Re: HELP! Converting GZ JSON to Delta causes massi...

Dooley · ‎07-07-2022

upload_path = '/mnt/test-data/calendar/'
 
schema_location ='Users/your_email_address/project_directory_name/_checkpoints'
checkpoint_path = 'Users/your_email_address/project_directory_name/_checkpoints'
 
# Set up the stream to begin reading incoming files from the
bronze_df = spark.readStream.format('cloudFiles') \
  .option('cloudFiles.schemaLocation', schema_location) \
  .option("cloudFiles.maxFilesPerTrigger", 16) \
  .option("cloudFiles.inferColumnTypes", "true") \
  .option('cloudFiles.format', 'json') \
  .option('cloudFiles.backfillInterval', "1 day") \
  .load(upload_path) 
 
# Start the stream.
bronze_df.writeStream \
.format("delta")
.option('checkpointLocation', checkpoint_path) \
.table("user_data_bronze_compact")

Here is my thinking. Assuming you mounted the S3 bucket you want to load from, it will be in the dbfs file system under mnt as you see in this code above. Then you save the data & schema in the dbfs file system as well - maybe under Users.

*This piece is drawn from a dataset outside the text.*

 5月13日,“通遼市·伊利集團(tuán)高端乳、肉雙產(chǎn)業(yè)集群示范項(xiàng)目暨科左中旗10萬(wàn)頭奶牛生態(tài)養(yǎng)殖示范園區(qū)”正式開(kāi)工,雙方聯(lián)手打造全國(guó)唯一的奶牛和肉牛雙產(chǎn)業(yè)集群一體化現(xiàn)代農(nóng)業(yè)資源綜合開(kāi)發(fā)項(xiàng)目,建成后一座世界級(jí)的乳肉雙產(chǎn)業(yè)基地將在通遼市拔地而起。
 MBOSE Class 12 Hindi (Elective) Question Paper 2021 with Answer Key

For the write, I took out all the other stuff you had in there so we keep processing to a minimum to just bring the data into Delta. THEN you can do the timestamp casting. I highly suggest you do not repartition while doing this process since that will be very expensive & unnecessary as explained above with the autoOptimize optimizeWrite flag being turned on before you do this code above & autoCompact.

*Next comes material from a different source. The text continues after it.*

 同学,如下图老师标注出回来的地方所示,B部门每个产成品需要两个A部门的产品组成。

Also, the backfill will be expensive at first because it needs to bring all the data (which is larger) into a delta format but after that point, any NEW files will only be ingested so the processing will be less later on. However, you are going to have CPU overload issues if you are staying to that single node way of reading in data. You need to do a distributed read in so make a cluster with a driver & workers with 2-8 & watch your Ganglia Metric (under cluster information with the "metrics" tab) help us troubleshoot moving forward. Once you update that cluster then update the MaxFilesPerTrigger to the total number of cores in the total number of cores of the workers.

Let me know.